* Raw data *
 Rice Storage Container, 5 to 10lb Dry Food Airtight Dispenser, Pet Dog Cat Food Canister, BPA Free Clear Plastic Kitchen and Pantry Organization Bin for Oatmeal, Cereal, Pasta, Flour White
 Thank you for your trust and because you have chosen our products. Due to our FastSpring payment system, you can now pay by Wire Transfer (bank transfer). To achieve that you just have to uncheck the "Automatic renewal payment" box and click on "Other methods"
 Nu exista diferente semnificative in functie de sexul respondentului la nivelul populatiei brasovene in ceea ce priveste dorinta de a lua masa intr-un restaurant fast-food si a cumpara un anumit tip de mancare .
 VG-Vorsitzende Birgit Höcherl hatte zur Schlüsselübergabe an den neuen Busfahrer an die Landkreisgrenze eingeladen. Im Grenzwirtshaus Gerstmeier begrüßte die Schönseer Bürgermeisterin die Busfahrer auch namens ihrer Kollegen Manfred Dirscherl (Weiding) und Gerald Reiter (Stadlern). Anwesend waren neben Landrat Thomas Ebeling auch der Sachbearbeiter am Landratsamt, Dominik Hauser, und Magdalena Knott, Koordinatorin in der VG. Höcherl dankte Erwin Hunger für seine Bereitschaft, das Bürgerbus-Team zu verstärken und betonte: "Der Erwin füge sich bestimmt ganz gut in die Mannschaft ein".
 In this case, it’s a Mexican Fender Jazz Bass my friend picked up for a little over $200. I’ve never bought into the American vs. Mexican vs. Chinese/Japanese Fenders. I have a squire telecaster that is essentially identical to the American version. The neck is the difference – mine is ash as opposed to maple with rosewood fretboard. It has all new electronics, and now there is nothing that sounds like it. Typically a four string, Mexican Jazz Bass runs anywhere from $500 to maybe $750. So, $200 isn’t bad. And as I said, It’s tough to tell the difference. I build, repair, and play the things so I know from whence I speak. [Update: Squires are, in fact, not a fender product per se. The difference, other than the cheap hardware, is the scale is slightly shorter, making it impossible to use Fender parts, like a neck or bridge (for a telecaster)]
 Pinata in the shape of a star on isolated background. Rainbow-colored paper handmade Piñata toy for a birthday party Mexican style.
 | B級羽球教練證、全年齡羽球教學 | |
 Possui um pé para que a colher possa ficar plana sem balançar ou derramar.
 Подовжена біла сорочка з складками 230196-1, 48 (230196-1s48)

==

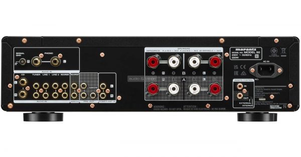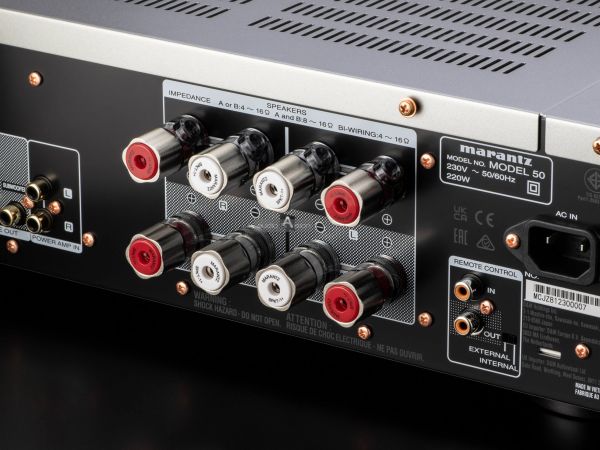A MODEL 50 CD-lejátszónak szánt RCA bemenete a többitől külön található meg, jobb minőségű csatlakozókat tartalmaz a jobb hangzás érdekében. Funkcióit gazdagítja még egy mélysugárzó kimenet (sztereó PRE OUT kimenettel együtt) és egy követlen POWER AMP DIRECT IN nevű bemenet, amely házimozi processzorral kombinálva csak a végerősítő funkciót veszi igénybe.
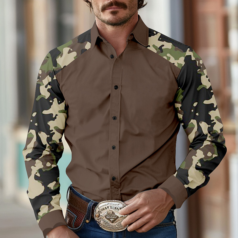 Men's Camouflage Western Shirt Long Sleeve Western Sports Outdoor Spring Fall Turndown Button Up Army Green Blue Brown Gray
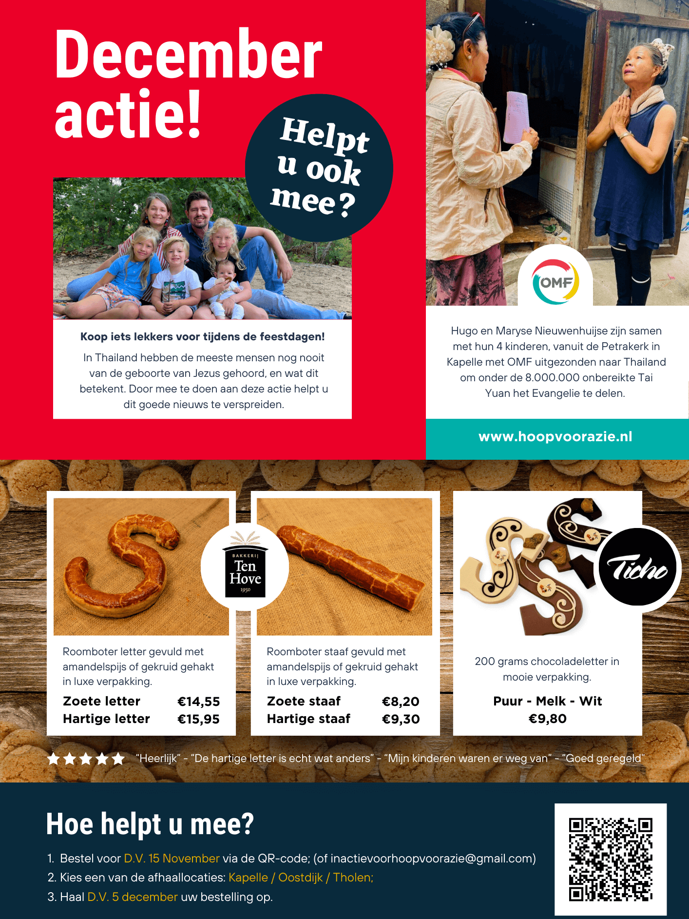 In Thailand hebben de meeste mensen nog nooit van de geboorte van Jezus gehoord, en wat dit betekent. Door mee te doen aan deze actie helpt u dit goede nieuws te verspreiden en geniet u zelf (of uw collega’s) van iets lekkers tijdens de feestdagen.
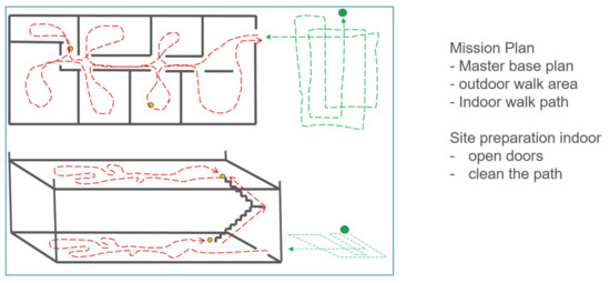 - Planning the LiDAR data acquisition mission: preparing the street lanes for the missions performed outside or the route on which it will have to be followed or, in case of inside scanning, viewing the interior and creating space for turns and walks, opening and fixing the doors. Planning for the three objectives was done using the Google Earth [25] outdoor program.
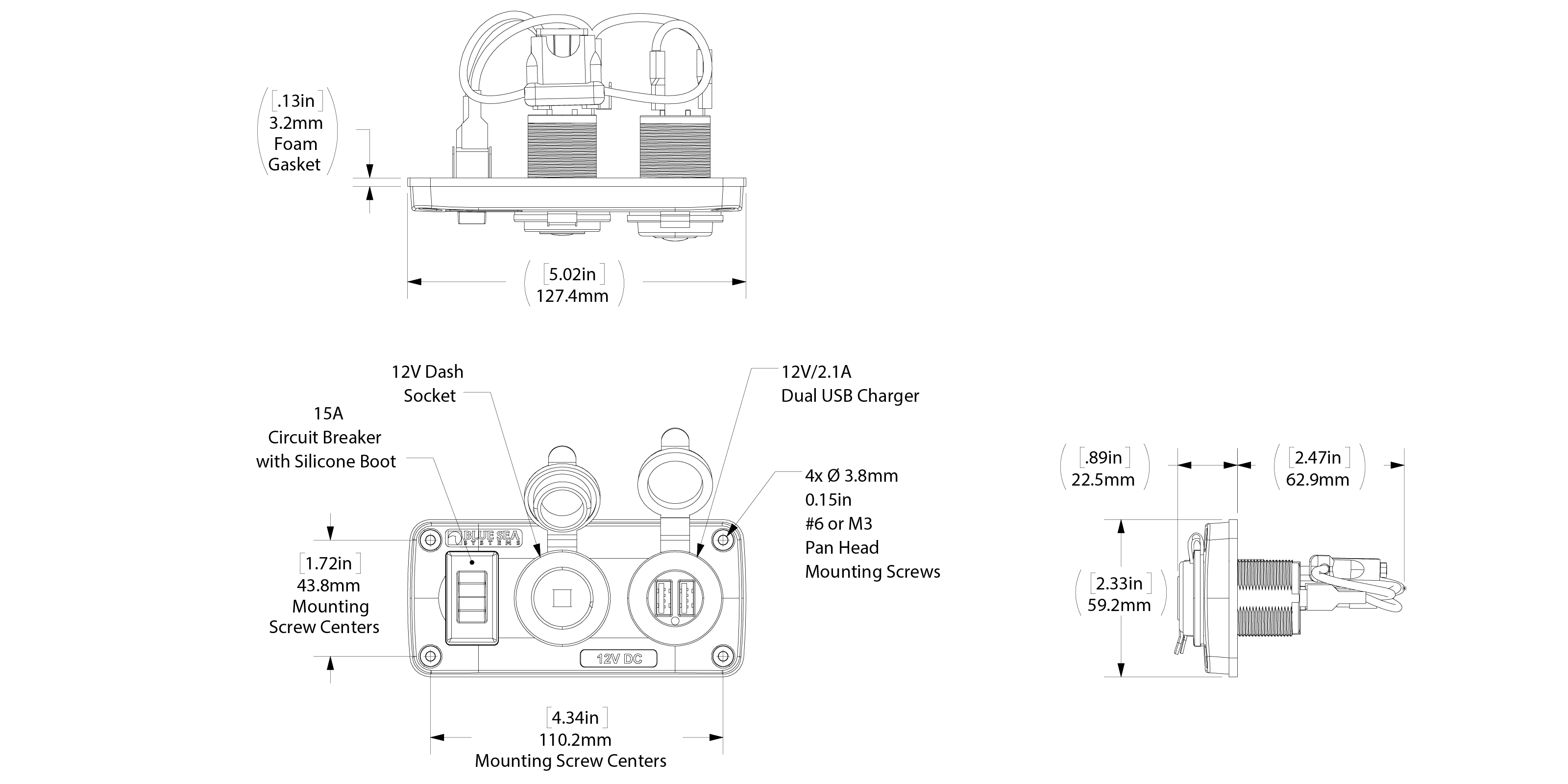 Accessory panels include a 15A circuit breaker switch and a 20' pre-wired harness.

---

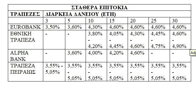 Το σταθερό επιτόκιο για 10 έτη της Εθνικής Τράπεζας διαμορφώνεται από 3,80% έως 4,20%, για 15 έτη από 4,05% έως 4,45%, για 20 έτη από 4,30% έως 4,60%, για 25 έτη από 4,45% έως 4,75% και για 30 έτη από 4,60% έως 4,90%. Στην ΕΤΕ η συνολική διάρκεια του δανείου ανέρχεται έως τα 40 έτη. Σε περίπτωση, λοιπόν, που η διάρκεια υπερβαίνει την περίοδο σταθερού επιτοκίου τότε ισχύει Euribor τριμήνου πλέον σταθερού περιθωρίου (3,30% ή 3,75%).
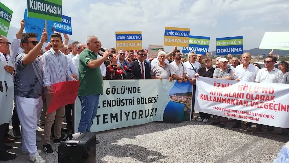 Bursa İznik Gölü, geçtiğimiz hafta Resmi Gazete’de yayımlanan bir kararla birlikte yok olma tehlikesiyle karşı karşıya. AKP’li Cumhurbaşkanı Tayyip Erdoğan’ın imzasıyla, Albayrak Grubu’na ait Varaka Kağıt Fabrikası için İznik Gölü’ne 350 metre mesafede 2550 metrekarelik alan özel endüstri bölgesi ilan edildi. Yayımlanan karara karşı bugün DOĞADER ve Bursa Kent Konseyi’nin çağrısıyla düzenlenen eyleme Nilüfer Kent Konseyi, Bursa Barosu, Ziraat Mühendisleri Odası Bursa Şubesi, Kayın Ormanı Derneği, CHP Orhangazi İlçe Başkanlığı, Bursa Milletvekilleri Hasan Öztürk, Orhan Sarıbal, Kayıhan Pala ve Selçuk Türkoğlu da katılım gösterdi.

* What to do *
Only one stretch of the data is wanted: write out exactly the lines from the one holding "A MODEL 50 CD-lejátszónak" through the one holding "In Thailand hebben", both included, without the pictures.

* Answer to this task *
A MODEL 50 CD-lejátszónak szánt RCA bemenete a többitől külön található meg, jobb minőségű csatlakozókat tartalmaz a jobb hangzás érdekében. Funkcióit gazdagítja még egy mélysugárzó kimenet (sztereó PRE OUT kimenettel együtt) és egy követlen POWER AMP DIRECT IN nevű bemenet, amely házimozi processzorral kombinálva csak a végerősítő funkciót veszi igénybe.
 Men's Camouflage Western Shirt Long Sleeve Western Sports Outdoor Spring Fall Turndown Button Up Army Green Blue Brown Gray
 In Thailand hebben de meeste mensen nog nooit van de geboorte van Jezus gehoord, en wat dit betekent. Door mee te doen aan deze actie helpt u dit goede nieuws te verspreiden en geniet u zelf (of uw collega’s) van iets lekkers tijdens de feestdagen.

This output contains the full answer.